The committees, in addition to coordinating and distributing aid, are remaining as politically active as possible. Many of them have issued communiqués in which they state they do not support either of the warring parties, declaring themselves hostile to the leaders of both sides and calling on the population to protect themselves and to continue working to achieve their objectives of disbanding the militias and restructuring the Sudanese Army. Kuka says that is committee has launched a campaign against the war, with graffiti on the streets and posts on the internet. “It’s all on a small scale, because it’s still too dangerous to gather a lot of people together. But we are trying to find ways for the voice of the resistance committees to be heard so that this does not become something where the only protagonists are the international community, the politicians, the military,” he says. “[We] want to preserve the idea that we, as civilians, have power.”

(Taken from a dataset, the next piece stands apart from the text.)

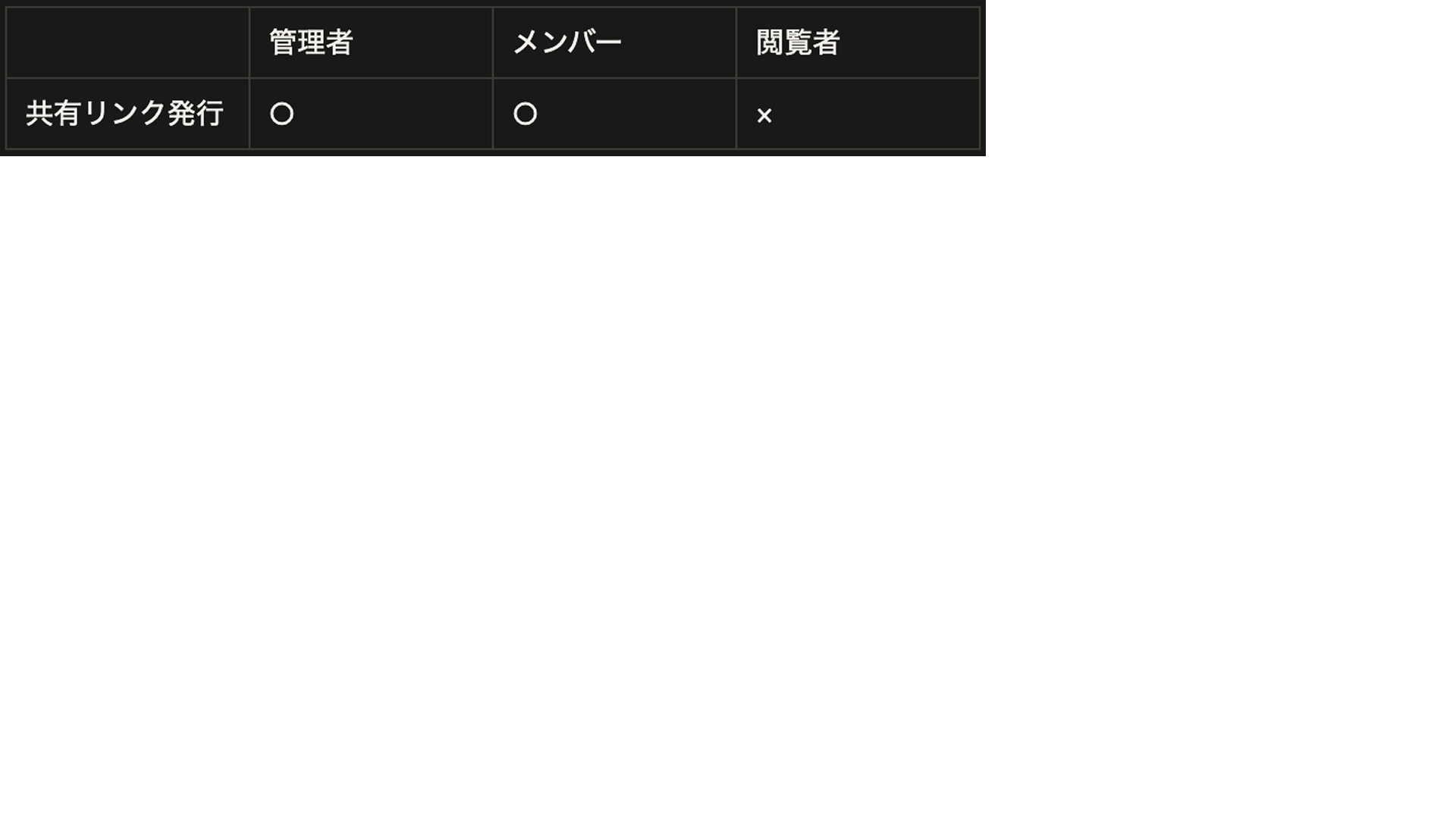 各ユーザーの権限に応じて、共有リンクの発行に制限があります。
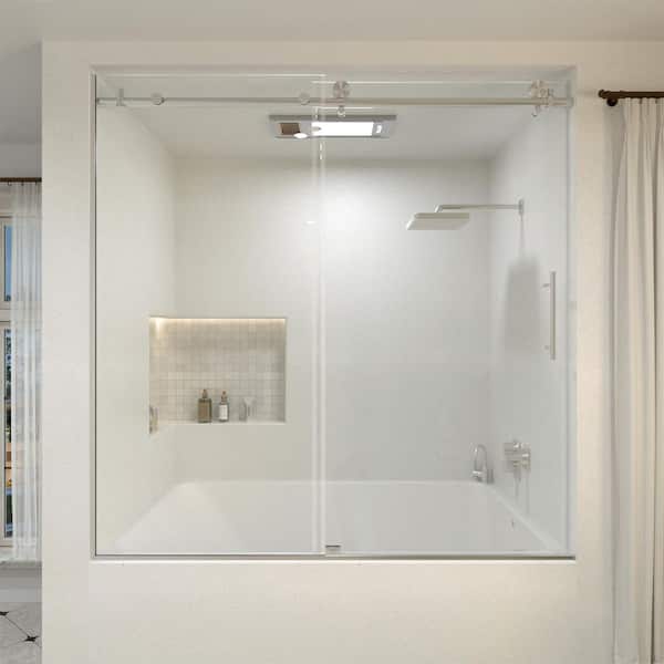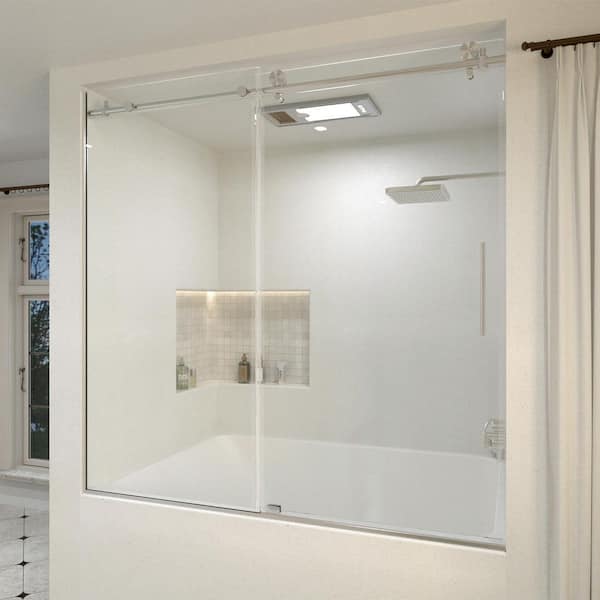 Muse 60 in. W x 60 in. H Sliding Bath Tub Door in Semi Frameless in Brushed Nickel with Clear Glass

At the end of February 2022, four months after the coup d’état in Sudan, the Khartoum resistance committees reached an important milestone when they agreed on and published a political charter, which outlined the main points of a proposal for a path out of the crisis the country had been plunged into, as well as the bases on which they wanted to build a new Sudan. The charter attributes Sudan’s failure to make strides since independence to an elitist political approach incapable of addressing the roots of the country’s economic, social and cultural problems. The document also states that the inability to adopt a development vision that ensures a fair and equitable distribution of power and wealth led to the rapid collapse of previous transition attempts. It calls for the construction of a modern, democratic, civilian-led state.
After it was published, a process was initiated to discuss the document with all Sudanese resistance committees, some of which had published charters of their own, in order to reach a consensus on a unified text. Despite their political activism and their organization and influence within Sudanese society, the country’s political elite, the generals who led the coup and the international community made no attempt to include the committees in negotiation processes following the removal of the transitional government.